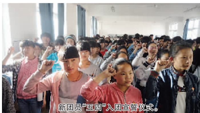
新团员“五四”入团宣誓仪式。

作为校园文化建设中的一部分，该校的班级文化建设也呈现出一道道亮丽的风景。班级文化建设凸显小组建设，营造了“一班一特色、一班一精彩”的文化氛围。各班自行设计的有学习园地、图书角、班级荣誉角、小组展示台等，以生动活泼的形式、积极健康的内容润物无声地影响着每一个人，培养着学生的思想境界和审美能力。
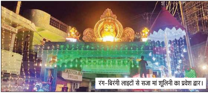
रंग-बिरंगी लाइटों से सजा मां शूलिनी का प्रवेश द्वार।

इस परंपरा को शोभायात्रा के रूप में मनाया जाता है। मान्यता है कि माता शूलिनी सच्ची श्रद्धा से मांगी गई मन्त पूरी होती है। इसी के चलते स्थानीय लोगों में मेले को लेकर खासा उत्साह है। पहले दिन मां शूलिनी देवी की भव्य शोभायात्रा निकलेगी, जिसमें एक लाख से अधिक श्रद्धालुओं के पहुंचने की संभावना है। मेले में सुरक्षा के
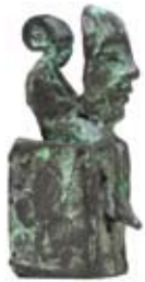
Persona , 12 cm, € 675,-
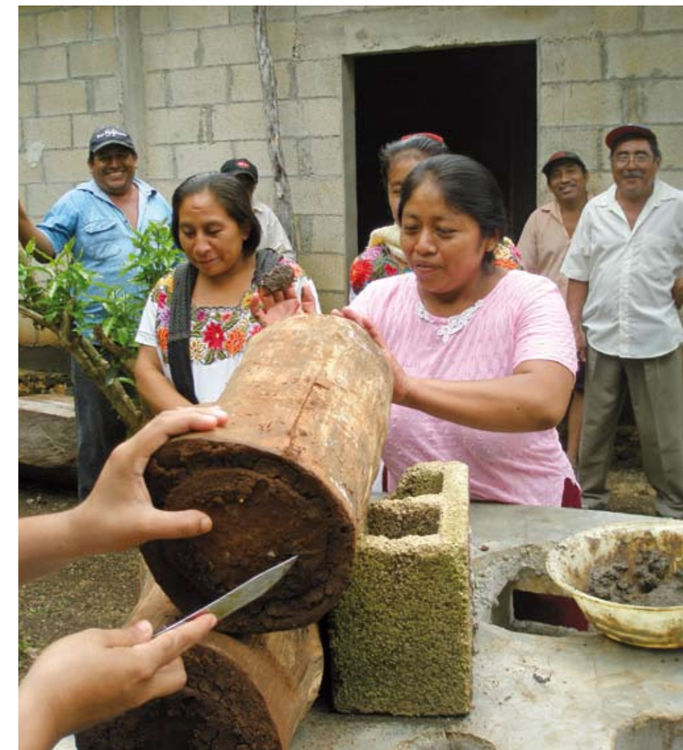
Apiculture avec les abeilles mélipones (Hopelchen, Campeche, Mexique, 5/10/08)

Egalement située au Chiapas, la Selva Lacandona est un nouveau partenaire de MMH depuis le début du programme 2008-2010. C'est chez eux qu'a été organisé, en septembre dernier, l'atelier qui a réuni MMH et ses partenaires. En effet, les installations de l'organisation sont grandes et spacieuses. La Selva Lacandona a déjà mis beaucoup de choses en place pour répondre aux normes européennes d'exportation. Voir cela a motivé les organisations qui débutent en la matière.
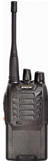
Abbildung eines tragbaren Funkgeräts „Walkie-Talkie“
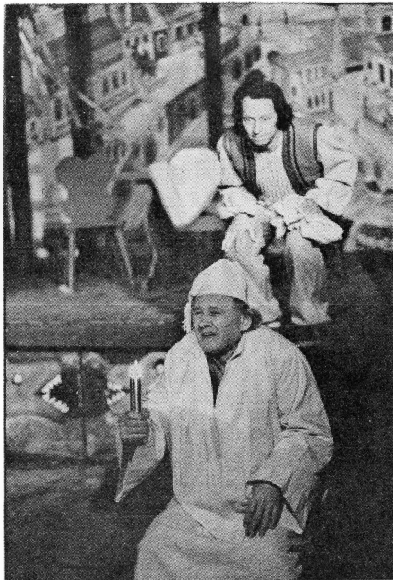
T. Brezovački: »Sveti Aleksi«, uloga Favorin

— Koliko je Dudek prisutan u vašim današnjim ulogama? Ne čini li vam se da gotovo u svakoj roli ljudi u vama prvenstveno vide — Dudeka?
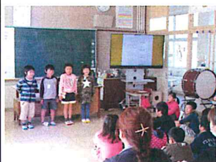
1年生 班別音楽発表

親の顔が見えると子どもは張り切る。その姿を見て親が微笑む。そんな瞬間がすばらしいと思う。懇談で、保護者が一人ずつ我が子の成長を話してくださり、とても温かい会になってありがたかった。
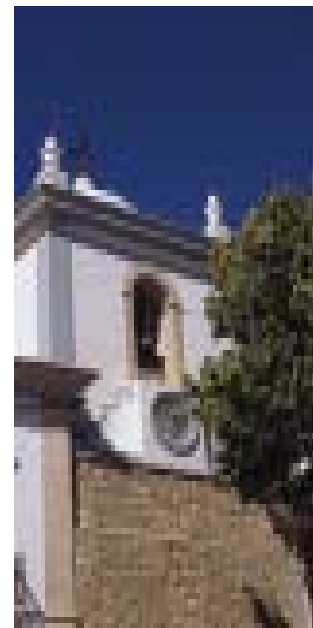
Loulé - Camara Municipal

Com vestígios concretos de ocupação romana, de que o centro de pesca e salga de peixe do Cerro da Vila em Vilamoura são o melhor exemplo, Loulé apresenta ainda facetas da sua existência da Idade Média, de que o Castelo é um ex-libris, cujas torres ainda se identificam no meio do casario, assim como alguns panos de muralha. Sendo uma cidade do interior, o desenvolvimento económico veio da aposta nos produtos agrícolas, sobretudo dos frutos secos (amêndoas e figos) e das produções artesanais, que se mantiveram durante séculos.
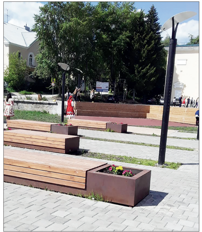
Продолжается реконструкция главной площади нашего города, которая уже стала для многих дегтярцев любимым местом отдыха

просто территорией для отдыха, а средообразующим общественным пространством, где будут сосредоточены зоны тихого отдыха, площадки для занятий спортом, детского отдыха и многое другое. Для достижения этого проект разбит на три этапа, выполнение будет идти в зависимости от финансирования, выделяемого в случае успешного прохождения заявки по сформированной документации.
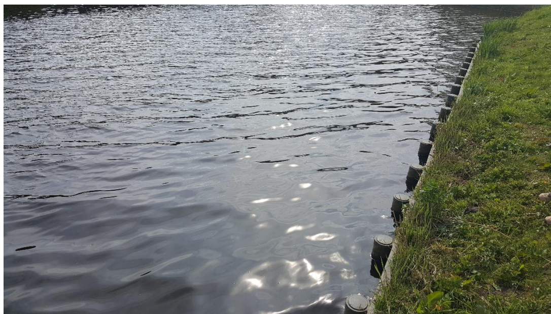
Figuur 5: Foto locatie tijdens veldbezoek op 17 april 2019.
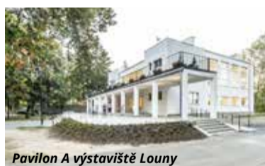
Pavilon A výstaviště Louny

A výstaviště. Stříbrnou příčku obsadil hrad Litoměřice, který před lety prošel velkou rekonstrukcí a nyní slouží jako konferenční centrum a expozice českého vinařství. I třetí místo patří městu Louny za budovu městské
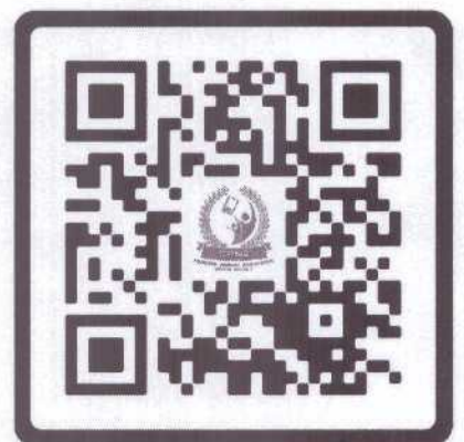
SAR 63 : Phupha - Nasak
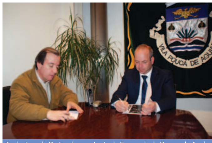
Assinatura de Protocolo com Junta de Freguesia de Bornes de Aguiar
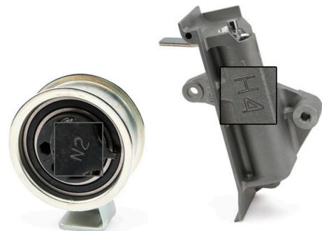
Εικόνα 2: Τεντωτήρας 531 0436 20 με τον αποσβεστήρα 533 0035 10
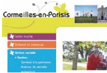
Un nouveau site internet pour Cormeilles p. 6
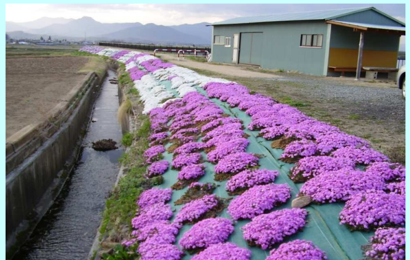
ため池土手の草刈り省力化と美化（芝桜の植栽）
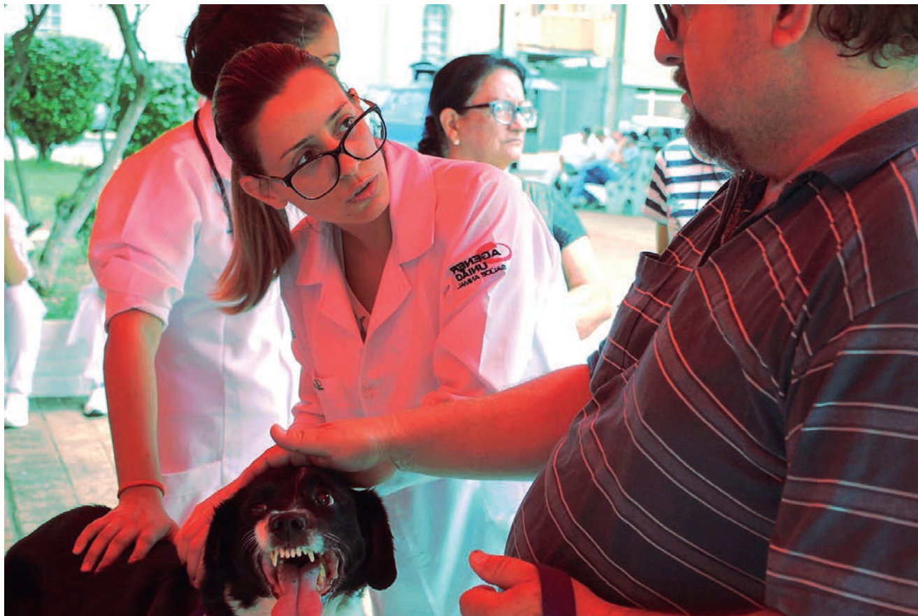
Evento reuniu 60 estudantes de medicina veterinária e realizou mais de 200 consultas. Pág 3

Pilates Solidário Data: 19 Hora: 8:30h Local: Praça Coronel Jordão (Matriz) Doe 1 quilo de alimento não perecível
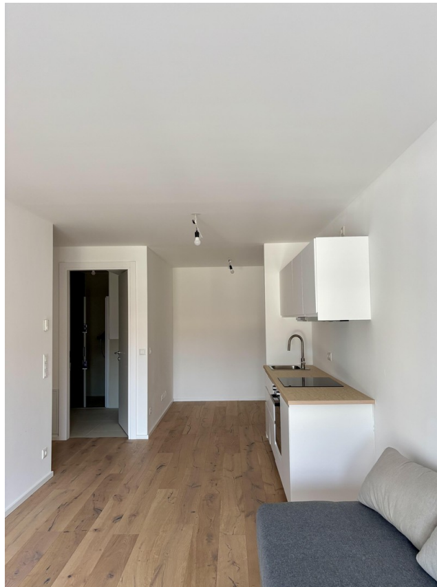
Trennbereich / Küche
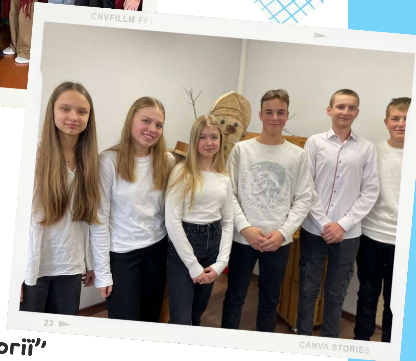
Команда "Вартові екології"
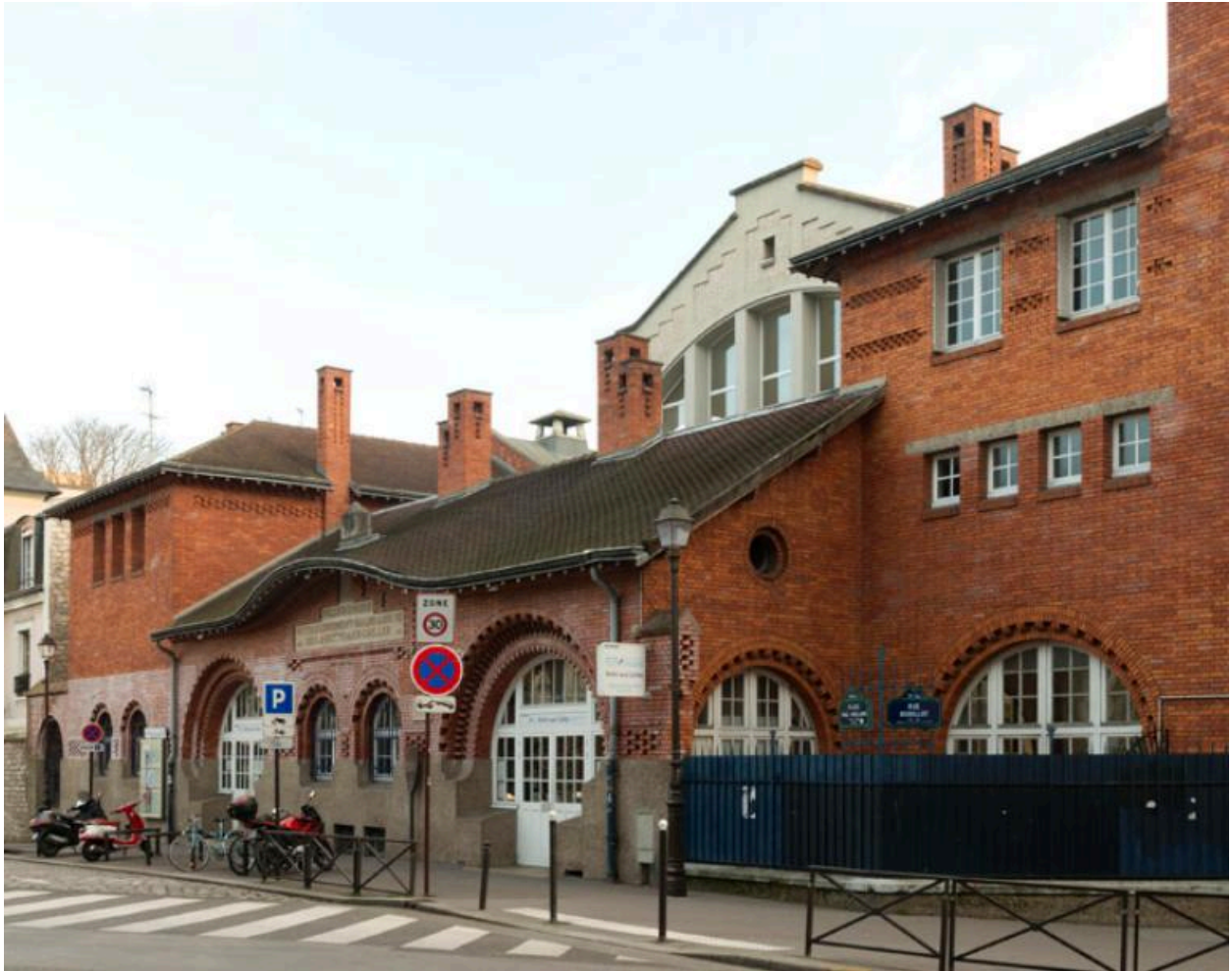
Vue générale de la piscine et des bains-douches de la Butte-aux-Cailles (Paris, 13e) depuis la place Paul Verlaine.

IVR11_20177500074NUC4A Auteur de l'illustration : Laurent Kruszyk Date de prise de vue : 2017 ; (c) Laurent Kruszyk, Région Île-de-France communication libre, reproduction soumise à autorisation

◆ **Brief**: Look through the entries. Copy out each line with "pour" in it.

◆ **Written response**:
Egalement située au Chiapas, la Selva Lacandona est un nouveau partenaire de MMH depuis le début du programme 2008-2010. C'est chez eux qu'a été organisé, en septembre dernier, l'atelier qui a réuni MMH et ses partenaires. En effet, les installations de l'organisation sont grandes et spacieuses. La Selva Lacandona a déjà mis beaucoup de choses en place pour répondre aux normes européennes d'exportation. Voir cela a motivé les organisations qui débutent en la matière.
Un nouveau site internet pour Cormeilles p. 6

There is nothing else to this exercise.